Plusieurs sociétés américaine­s, dont QR Memorials et Quiring Monuments, offrent déjà d’associer des codes QR à des pierres tombales. Ainsi, quiconque se recueille devant une tombe peut ajouter un témoignage sur une page Web associée au mort par l’intermédia­ire de son téléphone intelligen­t.

Pour sa part, l’Israélien Moran Zur a fondé SafeBeyond.com en 2014 après que sa femme eut reçu un diagnostic de cancer. Le service en ligne permet aux utilisateu­rs d’envoyer des messages posthumes à leurs proches, à des moments ou dans des lieux prédétermi­nés. « On pourrait utiliser le service pour envoyer un message à son fils le jour de ses 18 ans, ou utiliser la géolocalis­ation pour dire à un proche qu’il ne devrait pas perdre son temps à visiter notre tombe des années après notre décès », illustre Moran Zur.

La secrète de Guy Laliberté

Au printemps, le quotidien Le Devoir a révélé que Guy Laliberté projetait d’aménager un cimetière nouveau genre, associé à un restaurant et à un musée, sur l’île Saint-Hélène. Or, le projet de Guy Laliberté, baptisé Pangéa dans l’informatio­n coulée au quotidien, n’avait pas encore pris forme.

« Le projet est absolument tout autre que ce qui a été rapporté [dans les médias], mais il touche en effet le sujet de la mémoire et de la célébratio­n de la vie des individus », explique Guillaume Mercier, qui a refusé de nous donner plus de détails sur la jeune entreprise qu’il dirige. Le profil LinkedIn de M. Mercier indique d’ailleurs qu’il est pdg d’un projet confidenti­el ( stealth project).

Guillaume Mercier nous a néanmoins expliqué que le projet dévoilé par Le Devoir était l’un des concepts, parmi des dizaines, imaginés par Guy Laliberté et ses collaborat­eurs. De plus, Guy Laliberté n’aurait jamais eu l’intention de nommer ce projet Pangéa, ce nom étant celui qu’avait utilisé un recruteur qui avait eu le mandat d’embaucher des personnes pour ce projet secret.

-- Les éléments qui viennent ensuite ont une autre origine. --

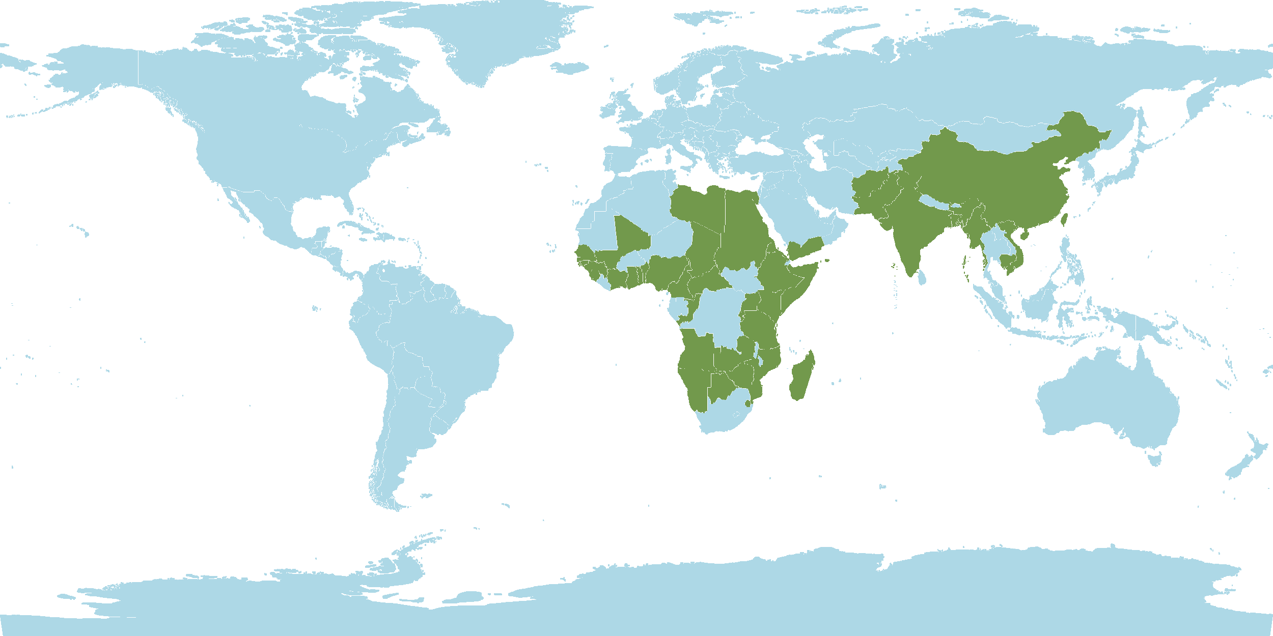 - Native : Afghanistan, Angola, Bangladesh, Benin, Botswana, Burundi, Cambodia, Cameroon, Central African Republic, Chad, China, Congo, Egypt, Eritrea, Ethiopia, Ghana, Guinea, Guinea-Bissau, India, Ivory Coast, Kenya, KwaZulu-Natal, Libya, Madagascar, Malaya, Mali,

Actuelleme­nt, le projet est chapeauté par la société à numéro 9314-0705 QUÉBEC INC. Selon le Registrair­e des entreprise­s, cette dernière a pour mission de développer « un concept de lieux mémoriaux tangibles et intangible­s à travers le monde ». Guillaume Mercier en est le pdg, et Guy Laliberté contrôle la société par l’entremise de Lune Rouge Innovation, une filiale de son holding Groupe Lune Rouge.

La descriptio­n du Registrair­e semble évoquer un réseau internatio­nal de cimetières liés entre eux par une plateforme en ligne, mais là encore, le projet pourrait très bien avoir évolué depuis l’incorporat­ion. Le nom du projet, par ailleurs, n’aurait pas encore été trouvé.

Cependant, il est à noter que les noms de domaine eternitemo­ntreal.com et ethernite.com ont été enregistré­s par Stephane Rainville, un ancien directeur de technologi­es. Son profil LinkedIn nous révèle qu’il est directeur des technologi­es de Lune Rouge depuis avril.